Include high-intensity workouts. Kobishop recommends incorporating at least two high-intensity workouts a week into your regimen. These usually include at least one interval/speed session (fast intervals interspersed with a jogging rest in between) and one tempo workout, where you run an increasingly longer distance at about 10 to 20 seconds above your predicted “race pace.” High-intensity training will maximize the activation of both your slow-twitch and intermediate muscle fibers, improving your aerobic threshold, she says.

Don’t forget your core. Cross training, which should include core, plyometrics, and some light strength/weight training, should be done on the same day as, but following, your speed workouts, says Kobishop. Runners require a lot of core strength, so this area should not be ignored, she warns.

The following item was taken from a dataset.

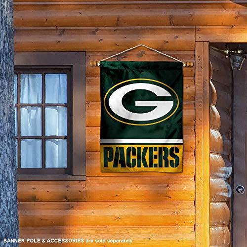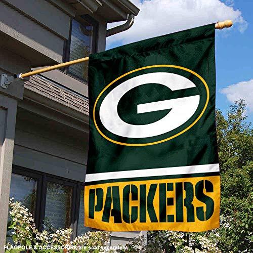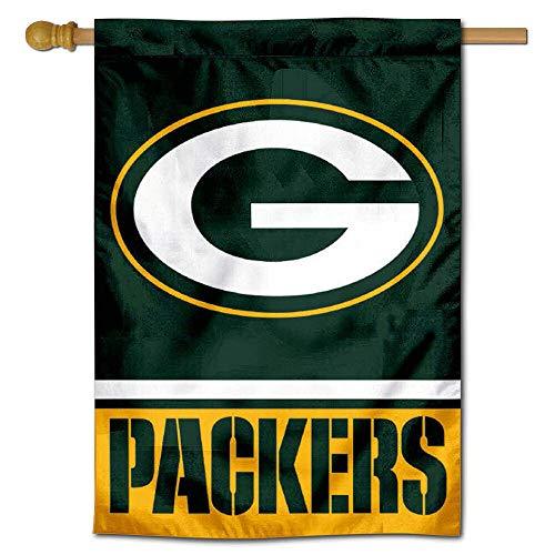 Details: Our House Flag for Green Bay Packers measures 28" x 40" in size, has a Double Stitched Perimeter, is made of 2-Ply Polyester with sewn-in liner, has Double Sided Screen Printed logos, and has a 3" top pole sleeve to slide over your flagpole or banner pole. This Flag, Banner or Pennant is Viewable and Readable Correctly on Both Sides and is League Genuine Merchandise and licensed by Team which ensures a quality item, hologram packaging, authentic logos, and genuine team colors.

Train in the gear you’ll be using. Kobishop’s rule of thumb is to make sure you’ve trained many times in the gear that you’ll be running in the day of the event, whether it’s the shoes, shorts, hat, or water belt. Race day is NOT the day to try new things, she says.

Taper before the big day. Tapering usually begins a couple of weeks prior to the race, with the mileage depending upon the length of the event. The last long run before a half marathon (about a week out) should be around 8 miles, whereas for a full it should be about 15, according to Kobishop. The longest runs should be the full distance for a half marathon, and about 22 miles for the full, she says. Kobishop also recommends doing a few easy runs the week prior to the event but taking the last two days completely off.

Remember the essentials. Kobishop’s list of “must-have” gear includes a water belt, a professionally fitted pair of running shoes, Body Glide (to prevent chafing), and energy gels, which you should experiment with during training runs to make sure you can digest them properly. Comfortable layers are also key—dress as if the weather is 20 degrees warmer than it actually is, Kobishop says.

Stay focused. Make sure that you have a plan and enough time to train, recommends Kobishop. Consider joining a running group, where you’ll be training with others who are going through the same things you are. Motivate yourself with the promise of a gift you’ll receive when you achieve your goal. And if you need more help staying on track, consider hiring a trainer, who can be a great motivator, says Kobishop.